When a fault indicates a hardware failure, the appropriate and recommended method for clearing the fault is to replace the failed component. This ensures that fault management will notice when the fault has been cleared, and will both extinguish the Service Action Required LEDs and update the ILOM management interfaces to reflect the cleared fault.
You can track and repair together faults that span multiple components by checking which faults have matching UUIDs. For example, DIMMs are faulted in pairs, so that each DIMM has a 50 percent probability that it is faulted. If you clear a fault on one DIMM, the other affected DIMM would also have its fault cleared. Clearing a fault on one component may cause other faults within the system to be cleared automatically.
When a fault is cleared, the following message is logged:
Fault <class> on component <FRU NAC name> cleared
When all faults on a component are cleared, the following message is logged:
Component <FRU NAC name> repaired
For most faults, you can use the management interfaces to manually issue a command to clear a component's fault state. However, if you do so and the component sensors determine that the fault condition still exists, the fault will immediately be declared again.
Determine which system component has experienced a hardware failure.
Look at the Service Action Required LEDs, the component status (from the ILOM web interface or CLI), and/or the event log to get information about the component failure. (See Determe Whether Hardware Failed.)
Remove and replace the failed component.
If necessary, refer to the hot-plug instructions for the failed component to correctly and safely remove and replace it.
Monitor the component LEDs and/or the management interfaces to confirm that fault management has cleared the fault.
Manually clearing a fault condition from the ILOM web interface does not correct an underlying hardware failure.
Log in to the ILOM web interface.
Select the System Information tab.
Select the Components tab.
The Components page appears with the Components Management Status table displayed.
Locate the component whose Fault Status is listed as Faulted.
Note that when there is a faulted component, the chassis's Fault Status is also listed as Faulted.

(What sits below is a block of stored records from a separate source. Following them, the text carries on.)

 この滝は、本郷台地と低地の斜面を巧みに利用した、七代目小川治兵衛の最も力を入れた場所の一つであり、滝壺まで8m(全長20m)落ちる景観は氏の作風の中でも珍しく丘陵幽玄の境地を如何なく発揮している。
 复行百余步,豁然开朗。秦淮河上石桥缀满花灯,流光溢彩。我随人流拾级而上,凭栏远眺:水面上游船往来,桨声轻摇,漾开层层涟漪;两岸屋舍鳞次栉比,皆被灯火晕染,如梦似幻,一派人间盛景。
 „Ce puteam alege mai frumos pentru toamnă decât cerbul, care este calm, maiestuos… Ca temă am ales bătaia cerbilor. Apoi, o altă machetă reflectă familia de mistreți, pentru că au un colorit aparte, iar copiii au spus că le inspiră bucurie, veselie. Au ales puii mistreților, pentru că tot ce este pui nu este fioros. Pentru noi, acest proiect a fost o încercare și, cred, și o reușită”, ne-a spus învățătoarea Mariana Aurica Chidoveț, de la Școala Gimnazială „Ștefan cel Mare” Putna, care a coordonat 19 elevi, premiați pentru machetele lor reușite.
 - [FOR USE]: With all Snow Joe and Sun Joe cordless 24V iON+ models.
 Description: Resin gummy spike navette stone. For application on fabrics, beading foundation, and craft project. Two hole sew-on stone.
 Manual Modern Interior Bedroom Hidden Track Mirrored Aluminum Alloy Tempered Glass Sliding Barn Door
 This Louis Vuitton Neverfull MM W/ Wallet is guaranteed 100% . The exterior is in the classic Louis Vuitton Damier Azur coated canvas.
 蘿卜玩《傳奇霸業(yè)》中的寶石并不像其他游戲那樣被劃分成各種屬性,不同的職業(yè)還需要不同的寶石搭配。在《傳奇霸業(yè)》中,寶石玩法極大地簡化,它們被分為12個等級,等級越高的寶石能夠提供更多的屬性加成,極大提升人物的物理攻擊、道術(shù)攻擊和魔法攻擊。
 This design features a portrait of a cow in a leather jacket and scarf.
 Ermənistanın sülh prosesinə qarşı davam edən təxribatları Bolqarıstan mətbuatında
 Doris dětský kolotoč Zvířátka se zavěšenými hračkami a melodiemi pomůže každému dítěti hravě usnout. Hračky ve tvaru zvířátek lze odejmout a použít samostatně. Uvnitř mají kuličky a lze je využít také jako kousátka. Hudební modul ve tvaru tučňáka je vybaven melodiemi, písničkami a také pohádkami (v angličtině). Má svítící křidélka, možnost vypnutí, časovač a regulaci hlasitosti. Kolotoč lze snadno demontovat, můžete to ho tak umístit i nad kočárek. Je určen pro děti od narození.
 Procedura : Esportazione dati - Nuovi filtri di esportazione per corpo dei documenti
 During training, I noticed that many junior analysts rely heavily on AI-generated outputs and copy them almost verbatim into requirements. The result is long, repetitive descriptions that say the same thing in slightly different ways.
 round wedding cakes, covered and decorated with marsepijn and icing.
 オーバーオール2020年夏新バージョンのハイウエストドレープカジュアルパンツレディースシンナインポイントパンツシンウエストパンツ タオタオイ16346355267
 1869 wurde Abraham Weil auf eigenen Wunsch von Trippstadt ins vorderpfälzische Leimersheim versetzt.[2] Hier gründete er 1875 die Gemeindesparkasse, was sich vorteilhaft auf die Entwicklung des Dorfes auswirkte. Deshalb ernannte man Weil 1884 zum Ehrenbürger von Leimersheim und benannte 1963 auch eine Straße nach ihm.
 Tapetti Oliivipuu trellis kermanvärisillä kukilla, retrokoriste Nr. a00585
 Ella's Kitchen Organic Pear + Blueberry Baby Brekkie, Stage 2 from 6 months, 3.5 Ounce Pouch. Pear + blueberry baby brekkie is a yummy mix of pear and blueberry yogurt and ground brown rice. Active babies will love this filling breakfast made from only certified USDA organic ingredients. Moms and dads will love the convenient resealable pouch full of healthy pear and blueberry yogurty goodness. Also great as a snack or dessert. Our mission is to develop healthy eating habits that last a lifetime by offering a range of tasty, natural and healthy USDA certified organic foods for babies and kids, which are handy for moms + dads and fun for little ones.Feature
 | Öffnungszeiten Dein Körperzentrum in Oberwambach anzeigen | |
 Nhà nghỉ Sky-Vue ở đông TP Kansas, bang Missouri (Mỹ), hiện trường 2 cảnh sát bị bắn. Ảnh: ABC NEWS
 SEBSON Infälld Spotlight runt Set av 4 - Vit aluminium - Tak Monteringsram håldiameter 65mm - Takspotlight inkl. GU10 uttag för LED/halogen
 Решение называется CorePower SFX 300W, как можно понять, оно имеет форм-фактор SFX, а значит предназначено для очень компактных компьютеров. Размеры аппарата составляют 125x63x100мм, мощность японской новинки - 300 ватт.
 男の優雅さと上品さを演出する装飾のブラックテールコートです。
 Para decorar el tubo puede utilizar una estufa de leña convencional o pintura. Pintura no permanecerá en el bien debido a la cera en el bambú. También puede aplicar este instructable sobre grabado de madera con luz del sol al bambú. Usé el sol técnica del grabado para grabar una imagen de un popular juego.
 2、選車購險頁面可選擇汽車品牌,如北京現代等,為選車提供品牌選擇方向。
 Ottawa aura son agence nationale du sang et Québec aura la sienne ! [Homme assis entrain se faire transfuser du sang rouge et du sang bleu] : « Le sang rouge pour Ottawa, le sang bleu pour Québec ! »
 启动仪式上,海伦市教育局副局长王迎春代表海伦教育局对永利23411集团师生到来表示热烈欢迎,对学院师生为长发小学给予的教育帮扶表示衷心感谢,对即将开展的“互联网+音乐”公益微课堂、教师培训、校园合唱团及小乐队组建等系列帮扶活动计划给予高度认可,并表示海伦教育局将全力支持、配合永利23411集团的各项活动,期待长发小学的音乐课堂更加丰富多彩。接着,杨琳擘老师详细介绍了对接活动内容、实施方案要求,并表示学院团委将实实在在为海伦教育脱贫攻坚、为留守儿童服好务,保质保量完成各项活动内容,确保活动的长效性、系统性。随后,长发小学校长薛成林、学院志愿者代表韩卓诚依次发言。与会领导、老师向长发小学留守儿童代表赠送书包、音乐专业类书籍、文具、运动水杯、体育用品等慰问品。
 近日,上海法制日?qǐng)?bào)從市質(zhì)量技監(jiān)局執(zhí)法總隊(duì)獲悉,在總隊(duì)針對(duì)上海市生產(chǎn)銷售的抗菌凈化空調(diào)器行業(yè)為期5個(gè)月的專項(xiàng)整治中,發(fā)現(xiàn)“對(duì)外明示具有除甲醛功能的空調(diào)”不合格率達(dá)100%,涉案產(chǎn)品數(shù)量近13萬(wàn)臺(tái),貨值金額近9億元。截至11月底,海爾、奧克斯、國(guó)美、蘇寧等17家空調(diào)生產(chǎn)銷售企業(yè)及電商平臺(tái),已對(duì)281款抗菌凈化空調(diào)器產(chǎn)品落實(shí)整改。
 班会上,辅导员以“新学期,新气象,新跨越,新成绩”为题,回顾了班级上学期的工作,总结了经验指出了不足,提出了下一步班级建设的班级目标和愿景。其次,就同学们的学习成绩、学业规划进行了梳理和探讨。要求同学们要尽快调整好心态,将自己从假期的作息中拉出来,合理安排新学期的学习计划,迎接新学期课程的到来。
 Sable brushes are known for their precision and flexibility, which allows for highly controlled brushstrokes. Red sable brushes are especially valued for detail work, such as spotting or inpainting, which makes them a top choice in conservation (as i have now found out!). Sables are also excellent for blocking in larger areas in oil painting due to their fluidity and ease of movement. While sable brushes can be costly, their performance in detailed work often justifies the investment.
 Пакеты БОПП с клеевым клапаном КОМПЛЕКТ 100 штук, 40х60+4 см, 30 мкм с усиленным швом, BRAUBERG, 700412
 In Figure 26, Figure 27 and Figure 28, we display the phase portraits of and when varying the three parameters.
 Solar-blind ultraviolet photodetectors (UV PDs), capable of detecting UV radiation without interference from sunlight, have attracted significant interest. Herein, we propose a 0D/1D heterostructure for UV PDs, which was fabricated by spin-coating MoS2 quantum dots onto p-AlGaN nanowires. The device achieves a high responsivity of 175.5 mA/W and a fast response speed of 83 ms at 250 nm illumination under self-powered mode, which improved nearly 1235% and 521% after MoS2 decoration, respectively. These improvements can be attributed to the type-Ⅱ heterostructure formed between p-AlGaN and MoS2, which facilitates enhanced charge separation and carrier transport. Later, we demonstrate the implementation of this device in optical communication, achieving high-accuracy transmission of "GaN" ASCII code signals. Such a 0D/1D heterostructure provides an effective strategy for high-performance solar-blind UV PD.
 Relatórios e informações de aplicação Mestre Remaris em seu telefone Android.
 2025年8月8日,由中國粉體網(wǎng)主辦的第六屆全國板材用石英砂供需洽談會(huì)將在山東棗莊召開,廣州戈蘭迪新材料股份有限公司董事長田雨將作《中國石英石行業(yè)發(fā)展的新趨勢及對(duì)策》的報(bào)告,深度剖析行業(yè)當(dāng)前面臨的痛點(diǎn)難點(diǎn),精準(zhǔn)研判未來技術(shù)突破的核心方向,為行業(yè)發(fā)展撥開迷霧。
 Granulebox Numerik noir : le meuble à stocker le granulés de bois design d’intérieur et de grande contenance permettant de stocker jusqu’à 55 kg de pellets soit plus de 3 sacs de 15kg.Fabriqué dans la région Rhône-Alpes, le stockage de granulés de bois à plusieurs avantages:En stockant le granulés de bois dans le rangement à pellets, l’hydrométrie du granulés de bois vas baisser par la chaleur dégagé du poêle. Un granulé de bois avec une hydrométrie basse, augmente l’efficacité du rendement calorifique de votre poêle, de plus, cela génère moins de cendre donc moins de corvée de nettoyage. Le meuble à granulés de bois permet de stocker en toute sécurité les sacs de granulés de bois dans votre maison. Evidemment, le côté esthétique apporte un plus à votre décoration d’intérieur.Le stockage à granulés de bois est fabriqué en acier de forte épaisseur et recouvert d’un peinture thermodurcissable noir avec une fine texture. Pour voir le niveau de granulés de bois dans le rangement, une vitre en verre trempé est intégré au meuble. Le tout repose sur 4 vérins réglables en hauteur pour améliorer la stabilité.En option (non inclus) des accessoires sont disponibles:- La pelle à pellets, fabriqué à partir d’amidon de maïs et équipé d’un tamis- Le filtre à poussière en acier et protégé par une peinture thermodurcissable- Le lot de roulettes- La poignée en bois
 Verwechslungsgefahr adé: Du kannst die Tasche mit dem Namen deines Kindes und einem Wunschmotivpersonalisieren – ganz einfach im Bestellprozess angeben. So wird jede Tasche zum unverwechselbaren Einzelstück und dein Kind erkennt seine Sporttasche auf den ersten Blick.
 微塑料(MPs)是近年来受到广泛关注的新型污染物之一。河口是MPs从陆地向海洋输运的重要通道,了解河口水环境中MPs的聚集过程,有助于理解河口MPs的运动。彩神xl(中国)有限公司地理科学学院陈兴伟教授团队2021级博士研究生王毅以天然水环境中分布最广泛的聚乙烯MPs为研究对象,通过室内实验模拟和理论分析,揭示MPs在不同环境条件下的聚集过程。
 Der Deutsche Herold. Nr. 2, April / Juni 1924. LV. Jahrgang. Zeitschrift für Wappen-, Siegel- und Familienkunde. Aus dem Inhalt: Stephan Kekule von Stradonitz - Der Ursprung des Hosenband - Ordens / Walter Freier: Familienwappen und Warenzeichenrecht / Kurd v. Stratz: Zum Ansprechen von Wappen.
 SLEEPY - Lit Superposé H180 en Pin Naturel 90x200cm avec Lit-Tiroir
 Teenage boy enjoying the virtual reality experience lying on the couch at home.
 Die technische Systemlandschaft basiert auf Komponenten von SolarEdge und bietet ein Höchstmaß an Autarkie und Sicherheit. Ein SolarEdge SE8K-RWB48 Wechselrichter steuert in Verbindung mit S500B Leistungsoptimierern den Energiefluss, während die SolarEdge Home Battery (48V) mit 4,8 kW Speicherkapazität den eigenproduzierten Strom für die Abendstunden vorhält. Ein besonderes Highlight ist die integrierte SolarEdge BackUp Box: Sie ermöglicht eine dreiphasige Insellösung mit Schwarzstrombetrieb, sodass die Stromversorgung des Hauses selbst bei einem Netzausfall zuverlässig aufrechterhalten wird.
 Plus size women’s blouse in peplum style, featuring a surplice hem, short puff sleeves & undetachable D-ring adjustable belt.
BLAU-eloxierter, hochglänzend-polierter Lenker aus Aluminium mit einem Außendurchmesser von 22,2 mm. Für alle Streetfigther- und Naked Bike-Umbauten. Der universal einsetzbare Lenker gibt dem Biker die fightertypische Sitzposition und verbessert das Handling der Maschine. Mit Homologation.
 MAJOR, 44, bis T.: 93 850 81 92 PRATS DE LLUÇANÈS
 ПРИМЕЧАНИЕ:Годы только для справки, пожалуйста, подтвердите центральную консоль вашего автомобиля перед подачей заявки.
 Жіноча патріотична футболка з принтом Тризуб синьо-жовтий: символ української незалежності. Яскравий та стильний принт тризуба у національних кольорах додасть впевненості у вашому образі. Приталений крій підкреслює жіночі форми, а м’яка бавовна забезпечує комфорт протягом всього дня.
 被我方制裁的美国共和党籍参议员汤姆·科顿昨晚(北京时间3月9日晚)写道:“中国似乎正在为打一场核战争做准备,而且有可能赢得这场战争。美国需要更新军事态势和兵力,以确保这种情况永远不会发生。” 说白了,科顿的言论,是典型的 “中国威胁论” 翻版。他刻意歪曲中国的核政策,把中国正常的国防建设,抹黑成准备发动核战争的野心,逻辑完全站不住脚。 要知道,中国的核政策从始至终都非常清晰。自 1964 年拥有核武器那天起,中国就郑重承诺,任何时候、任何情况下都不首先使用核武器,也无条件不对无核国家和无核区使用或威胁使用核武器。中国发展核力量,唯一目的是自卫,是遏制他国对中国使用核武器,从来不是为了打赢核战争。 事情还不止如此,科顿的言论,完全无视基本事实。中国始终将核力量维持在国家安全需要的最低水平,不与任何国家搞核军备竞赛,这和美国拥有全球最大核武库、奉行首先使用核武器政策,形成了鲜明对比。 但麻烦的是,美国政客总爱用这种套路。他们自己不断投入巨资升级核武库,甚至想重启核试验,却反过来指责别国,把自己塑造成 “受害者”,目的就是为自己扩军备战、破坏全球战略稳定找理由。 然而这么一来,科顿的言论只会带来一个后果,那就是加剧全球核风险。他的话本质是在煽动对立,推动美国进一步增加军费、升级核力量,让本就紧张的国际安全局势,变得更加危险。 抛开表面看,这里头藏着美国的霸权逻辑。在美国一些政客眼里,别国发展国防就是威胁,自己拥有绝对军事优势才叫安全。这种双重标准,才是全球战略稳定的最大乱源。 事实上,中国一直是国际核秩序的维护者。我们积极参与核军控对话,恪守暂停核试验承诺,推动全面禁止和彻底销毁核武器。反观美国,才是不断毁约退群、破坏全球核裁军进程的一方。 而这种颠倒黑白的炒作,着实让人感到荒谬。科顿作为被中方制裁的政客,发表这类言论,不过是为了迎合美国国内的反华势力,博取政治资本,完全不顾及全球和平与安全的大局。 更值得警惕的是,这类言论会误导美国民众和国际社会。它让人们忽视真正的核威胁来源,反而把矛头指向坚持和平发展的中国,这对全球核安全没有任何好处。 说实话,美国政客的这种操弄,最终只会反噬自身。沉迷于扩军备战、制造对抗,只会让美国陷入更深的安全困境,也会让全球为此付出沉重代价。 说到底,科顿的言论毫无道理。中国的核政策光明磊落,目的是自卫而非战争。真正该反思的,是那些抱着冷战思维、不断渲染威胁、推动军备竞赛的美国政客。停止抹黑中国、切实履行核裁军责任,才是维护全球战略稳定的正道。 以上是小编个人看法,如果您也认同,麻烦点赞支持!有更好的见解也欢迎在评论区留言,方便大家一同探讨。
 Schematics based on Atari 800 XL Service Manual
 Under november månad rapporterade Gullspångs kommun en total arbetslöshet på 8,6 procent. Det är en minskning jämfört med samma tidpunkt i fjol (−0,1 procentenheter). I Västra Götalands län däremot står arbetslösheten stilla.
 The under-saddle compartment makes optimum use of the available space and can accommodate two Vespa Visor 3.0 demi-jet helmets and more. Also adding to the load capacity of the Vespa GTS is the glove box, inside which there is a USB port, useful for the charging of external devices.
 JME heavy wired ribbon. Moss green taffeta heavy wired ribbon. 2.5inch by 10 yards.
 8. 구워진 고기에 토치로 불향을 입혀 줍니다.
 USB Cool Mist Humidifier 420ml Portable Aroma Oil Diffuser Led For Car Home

Select the failed component.
Select Clear Fault from the Actions drop-down box.
The component's Fault Status will be updated to OK, and its Service Action Required LED will be extinguished. However, if the fault condition persists, the component will return to its faulted state almost immediately and its Service Action Required LED will be re-illuminated.
Open an ILOM CLI window.
Use the
cd
command to move to the component that has failed.
Use the
show
command to confirm the component's fault_state.
The following example checks the status of rear fan module 0 (/CH/RFM0) and shows that its fault_state = Faulted.
->cd /CH/RFM0
/CH/RFM0 ->show
/CH/RFM0 Targets: SERVICE ACT FAN1_OK FAN2_OK FAN1_SPEED FAN2_SPEED Properties: type = Rear Fan FRU fault_state = Faulted clear_fault_action = (none) prepare_to_remove_status = NotReady prepare_to_remove_action = (none) return_to_service_action = (none) ->
Issue the
set clear_fault_action=true
command for the faulted component.
The following command clears the fault state for rear fan module 0 (/CH/RFM0):
set /CH/RFM0 clear_fault_action=true
You can use the
show
command again to confirm that the fault_state has changed to OK. However, if the fault condition persists,
the component will return to its faulted state almost immediately.